Today the PMI construction survey showed activity returned to growth in January, helped by better weather and a rise in new business. The Markit/CIPS PMI construction activity index rose to 53.7 in January from December's reading of 49.1, which had been the first fall in 10 months, due to heavy snowfall.
Markit said construction companies' expectations for the coming year rose to an eight-month high. However, employment continued to fall and Markit said the outlook for further growth in the sector was muted.
Jeremy Cook, chief economist at foreign exchange brokers World First, said it was encouraging news for the construction sector. "This obviously follows the good manufacturing figures we saw yesterday, but all eyes are on tomorrow's service sector release," he said.
Ross Walker, economist at RBS, said: "Some of this was just a sort of base effect distortion in all probability - but it does suggest that the snow was a blip and we have got back to levels of activity above the pre-weather disrupted period."
While the pound rose, gilt and short sterling futures fell as investors bet on the prospect that a return to growth increased the likelihood of a rate hike from the Bank of England.
In a sign the central bank is inching closer to tightening policy, Deputy Governor Charles Bean said it may be forced to raise rates if commodity prices continue to climb and inflation becomes embedded, while long-standing board member Andrew Sentance said the bank risked losing its inflation-fighting credibility if it did not act soon.
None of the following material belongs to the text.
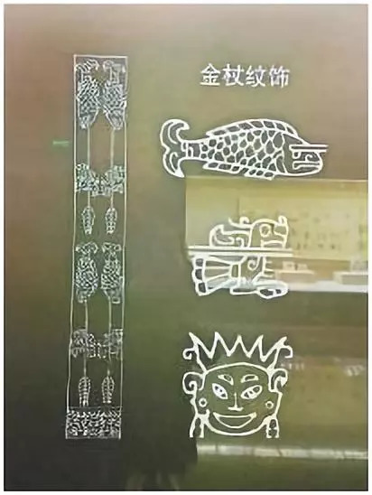 在陈显丹看来,这组图案组成一幅典型的“象形文字”:杖上的人物头戴五齿高冠,与青铜大立人所戴相同,因此身份位高权重。金杖上又有鱼、鸟等图案,因此它极可能表现的是古蜀王中的“鱼凫王”,金杖的主人也应该是他。

Inflation is running at 3.7pc, almost double the target.
In a report produced with Barclays Capital and Barclays Wealth, the IFS said any gains from additional improvements in public finances should be banked.
It identified two main risks to government deficit reduction plans - slower growth and the difficulty in carrying out spending cuts.
Under Barclays' worst-case "pessimistic scenario", public sector net debt would still be rising in 2015-2016.
The Conservative-led coalition has been criticised for a failure to come up with a "Plan B", should the economy run into trouble in coming months.
The IFS endorsed this call, saying that having alternative plans to hand could be useful.
It urged the government to review its spending settlements in a couple of years' time.